**To do**. Copy exactly. Include the line containing "Un design coloré", every line after it, and the last line below, but no pictures.

————————

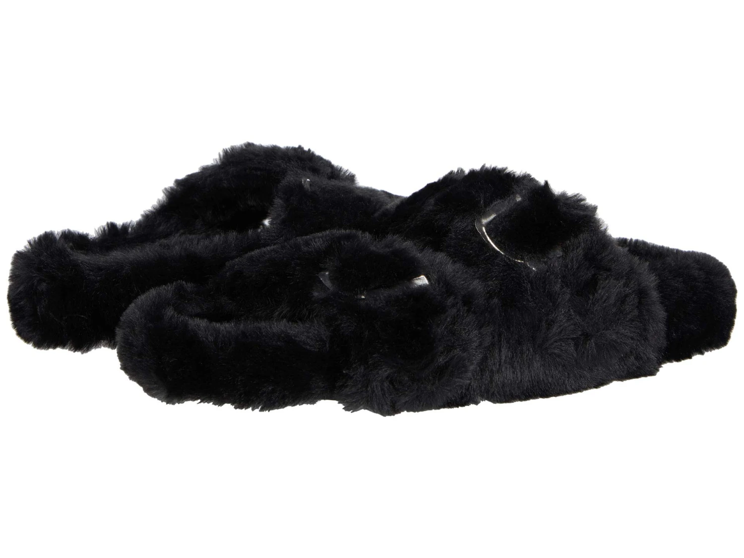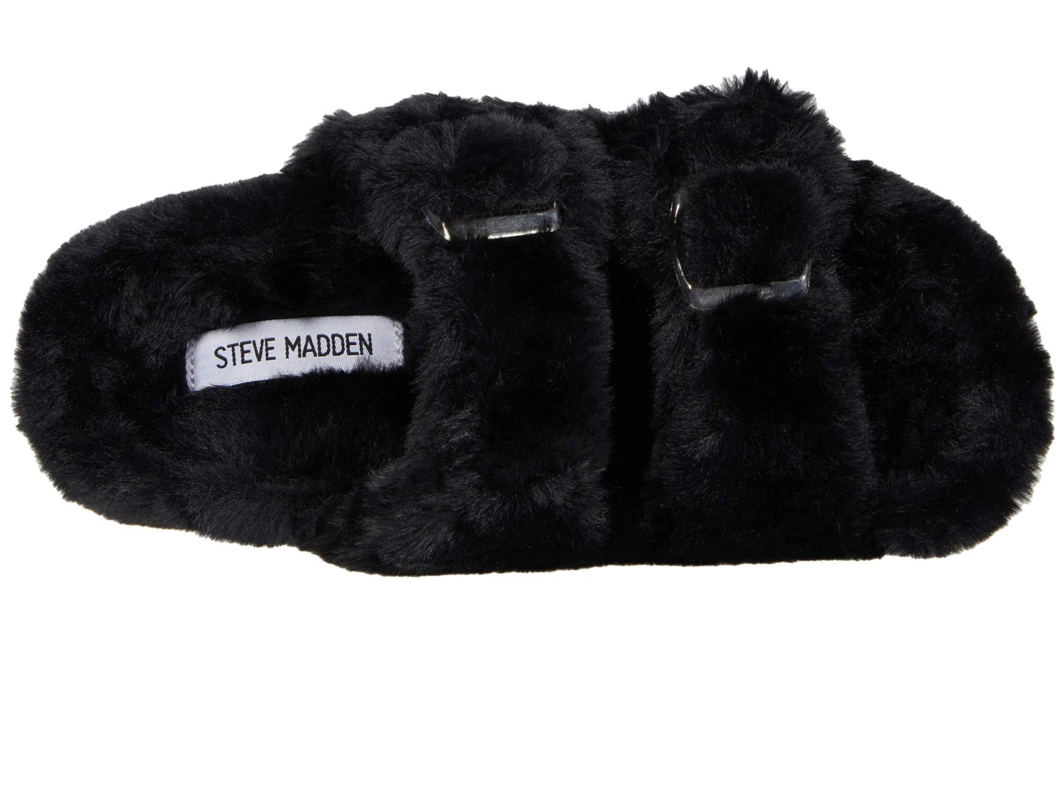- The Steve Madden® Around Slipper will keep you cozy with a plush faux-fur upper, open toe, dual buckled straps over the vamp, and an easy slip-on construction.
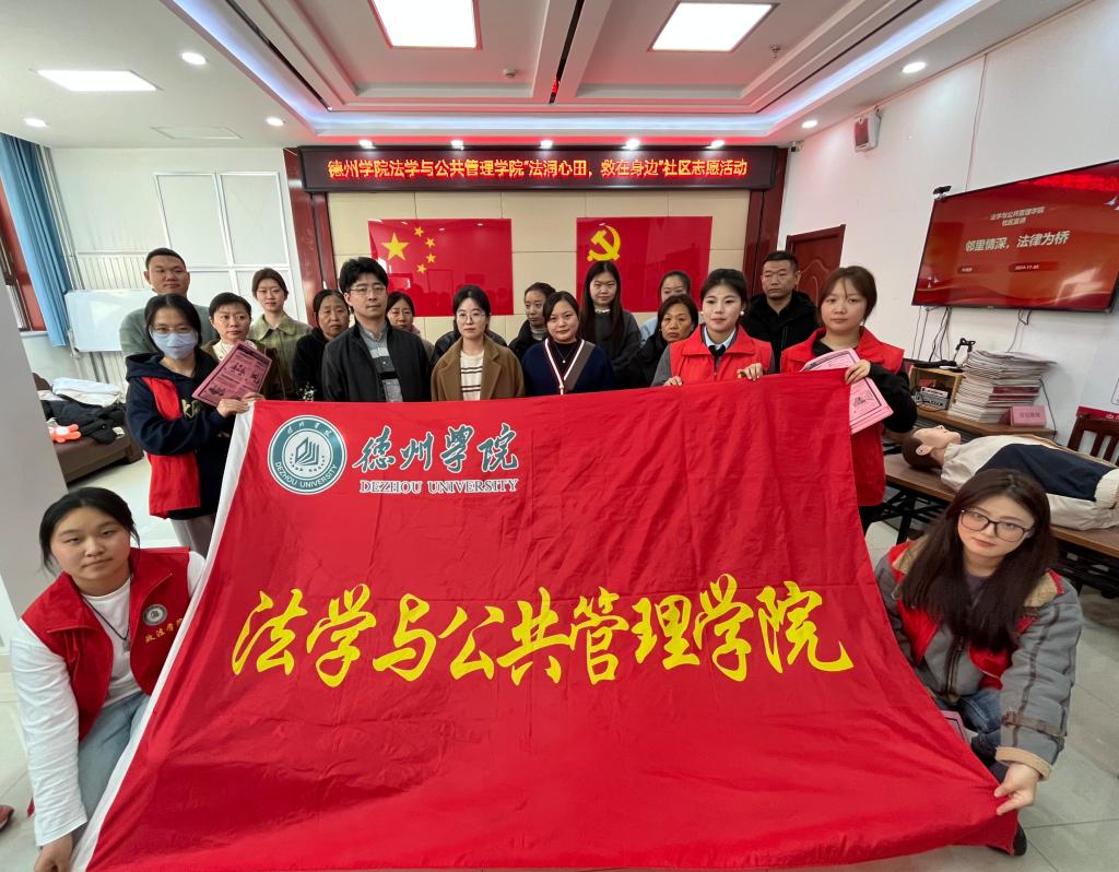 为深入贯彻落实党的二十届三中全会精神,充分发挥党建引领作用,进一步增强党员师生的责任意识和服务意识,11月5日下午,德州学院法学与公共管理学院师生党员、党外知识分子代表前往新河社区开展“法润心田 救在身边”志愿服务活动。
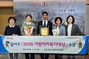 시민행정신문 강갑수 기자 | 대구 달서구가 한국사회복지사협회가 주관하는‘2026 지방자치복지대상’에서 기초자치단체 부문 대상을 수상하며 복지 선도도시로서의 위상을 다시 한번 입증했다. 이번 시상은 지난 30일 서울 국회박물관에서 열린‘제20회 사회복지사의 날’ 기념식에서 진행됐으며, 사회복지사 처우개선과 지역복지 발전에 기여한 지방자치단체의 정책 성과를 종합적으로 평가해 수여됐다. 달서구는 사회복지 종사자 처우개선을 위한 조례를 선제적으로 제정하고, 세 차례의 실태조사를 실시하는 등 데이터 기반 정책을 추진해 온 점에서 높은 평가를 받았다. 또한 2026년 전체 예산 1조 1,958억 원 중 73.3%에 해당하는 8,678억 원을 사회복지 분야에 편성하며 복지 사각지대 해소와 종사자 지원에 지속적으로 투자해 왔다. 이와 함께 보건복지부 인건비 가이드라인 준수, 상해보험료 및 보수교육비 지원, 장기근속 휴가제 도입 등 근무환경 개선 정책을 추진해 현장 만족도를 높였다. 아울러 통합돌봄 전담부서 신설, 노인종합복지관 확충, 주거복지센터 및 아이꿈센터 운영 등 조직과 인프라를 확대해 서비스
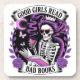 Un design coloré et dynamique présente un squelette féminin lisant un livre tout en sirotant un cocktail torride. Elle est entourée de fleurs violettes et de papillons, ajoutant à l'esthétique animée. Le texte gras et coloré dit : "Les bonnes filles lisent de mauvais livres." Ce design unique est disponible sur une large gamme de produits.
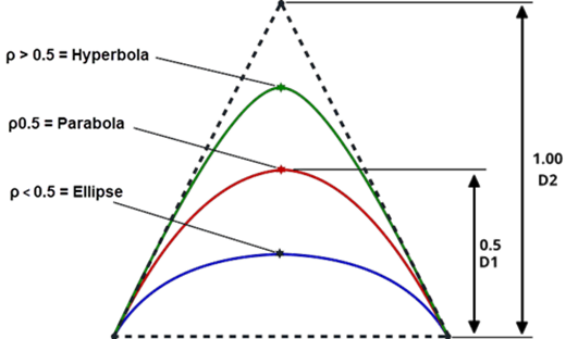 The conic section option enables you to create fillets driven by the Rho value. Rho is a ratio that defines the curvature of the shape. The three types of conic sections are parabola, ellipse and hyperbola (see the diagram below).

————————

**Solution for this exercise**.
 Un design coloré et dynamique présente un squelette féminin lisant un livre tout en sirotant un cocktail torride. Elle est entourée de fleurs violettes et de papillons, ajoutant à l'esthétique animée. Le texte gras et coloré dit : "Les bonnes filles lisent de mauvais livres." Ce design unique est disponible sur une large gamme de produits.
 The conic section option enables you to create fillets driven by the Rho value. Rho is a ratio that defines the curvature of the shape. The three types of conic sections are parabola, ellipse and hyperbola (see the diagram below).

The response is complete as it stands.